The rationale behind this standard is discussed on page 78 of the Standards Relating to The Prosecution Function:

'Prospective witnesses are not partisans; they should be regarded as impartial spokesmen for the facts as they see them. Because witnesses do not 'belong' to either party, it is improper for a prosecutor, defense counsel, or anyone acting for either to suggest to a witness that he not submit to an interview by opposing counsel. It is not only proper but it may be the duty of the prosecutor and defense counsel to interview any person who may be called as a witness in the case (except that the prosecutor is not entitled to interview a defendant represented by counsel). In the event a witness asks the prosecutor or defense counsel or a member of their staffs whether it is proper for the witness to submit to an interview by opposing counsel or whether he is under a duty to do so, the witness should be informed that, although he is not under a legal duty to submit to an interview, it is proper and may be the duty of both counsel to interview all persons who may be witnesses and that it is in the interest of justice that the witness make himself available for interview by counsel.

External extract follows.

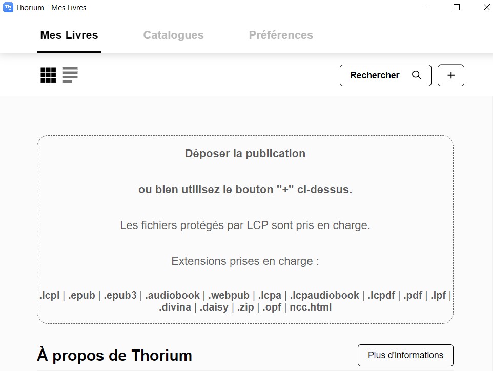 Les ouvrages de la bibliothèque numérique protégés par LCP seront pris en charge par l’application. Revenez dans l’onglet Mes Livres.
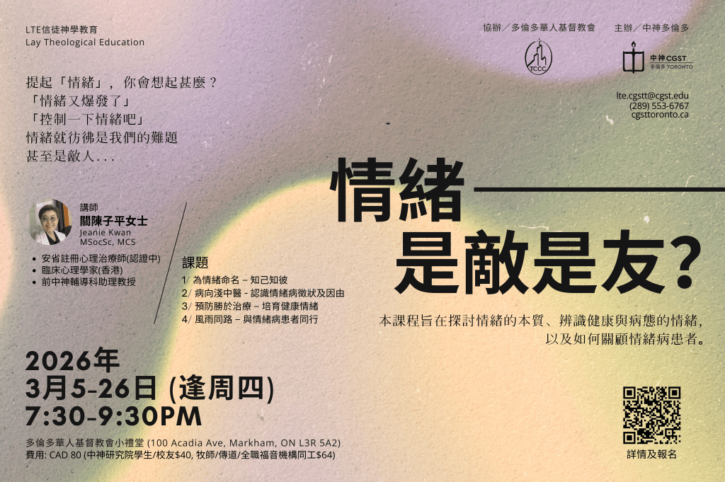 “To collaborate with the global Chinese churches, offering context-relevant theological education and carrying out research, so that the churches may fulfill the Great Commission in their locality.”

'Counsel may properly request an opportunity to be present at opposing counsel's interview of a witness, but he may not make his presence a condition of the interview.'

Based upon our holding in Watkins, we conclude that Standard 3.1(c) properly reflects Wisconsin law, and we adopt that standard as a guide to future conduct by prosecutors. 1 Nevertheless, while defendant herein asserts a proper rule of law, the evidence falls short of showing a constitutional deprivation and is not persuasive in convincing us that the trial judge abused his discretion when he failed to grant a new trial on the basis of this evidence. The affidavit is completely hearsay and was not underpinned by any evidence adduced at the hearing on the motion or by any other affidavits. Further evidence, if available, should have been submitted at the hearing on the motion.

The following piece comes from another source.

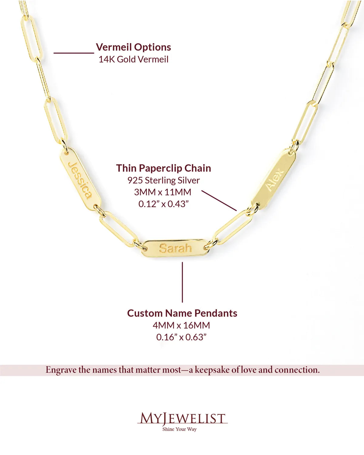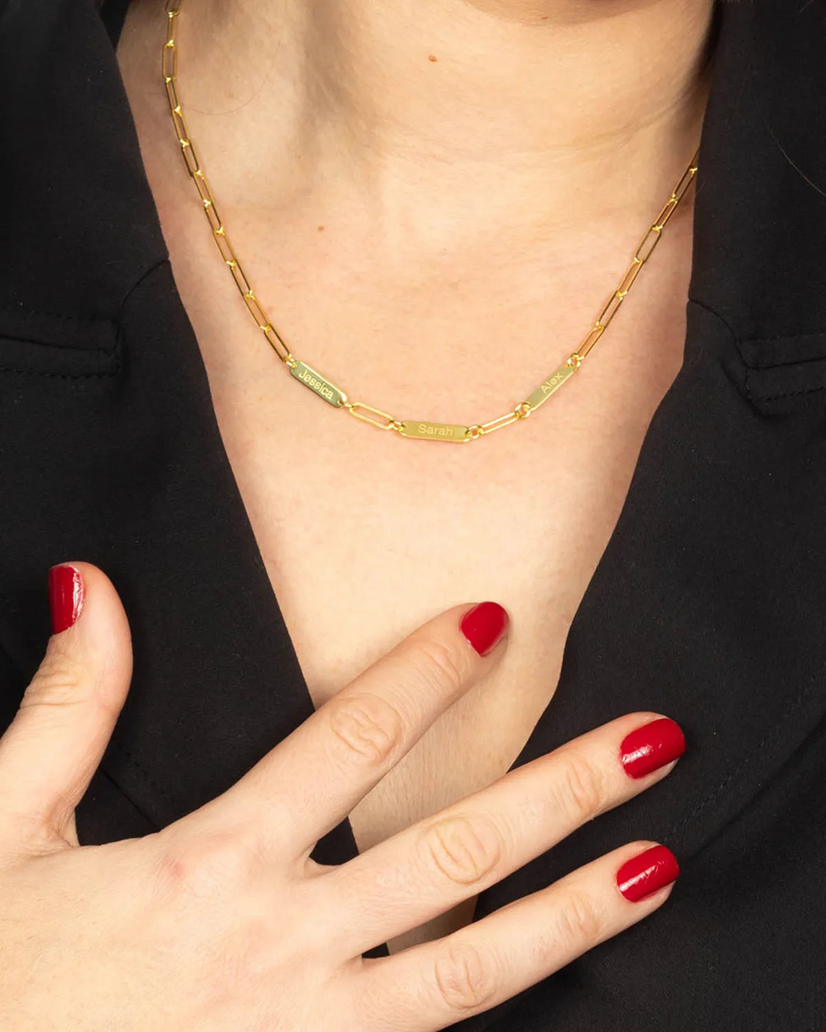 Custom Engraved Gold Paperclip Necklace – Up to 5 Names of Loved Ones

Neither the victim nor her mother testified or signed an affidavit to show that they had received the alleged instructions from the assistant district attorney, nor was the prosecutor called either to affirm or to deny that he had given such instructions. The defendant relies upon Gregory v. United States, supra, but there the prosecutor appeared in court and admitted that he had given the instructions to the witnesses. Moreover, given a literal interpretation, the affidavit does not show a complete denial of access to the prosecution witnesses. Rather, it indicates that the witnesses were asked not to testify out of the presence of the prosecutor. It would not have been improper for the prosecutor to ask to be present, although he could not insist on that condition. Standards (Commentary), supra, p. 78. The showing made in the trial court was insufficient to indicate that the defendant had been denied his constitutional rights to access to prosecution witnesses. The trial judge did not abuse his discretion in denying a new trial on this ground.

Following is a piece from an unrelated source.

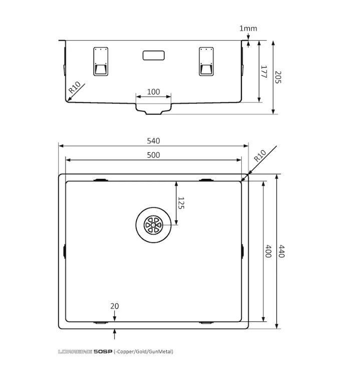 RVS spoelbak kleur afwerking in PVD coating met Lorreine SuperPlug.

Additionally, in the motion for a new trial, the defendant claims his court-appointed counsel was ineffective because he failed to raise certain objections to evidence and to other alleged constitutional deprivations. This court has repeatedly stated it will find trial counsel ineffective only when it is shown that the representation was so inadequate and of such low competence that it amounted to no representation at all and reduced the trial to a sham and a mockery of justice. Swonger v. State (1972), 54 Wis.2d 468, 474, 195 N.W.2d 598; Quinn v. State (1972), 53 Wis.2d 821, 825, 193 N.W.2d 665; Milburn v. State (1971), 50 Wis.2d 53, 65, 183 N.W.2d 70.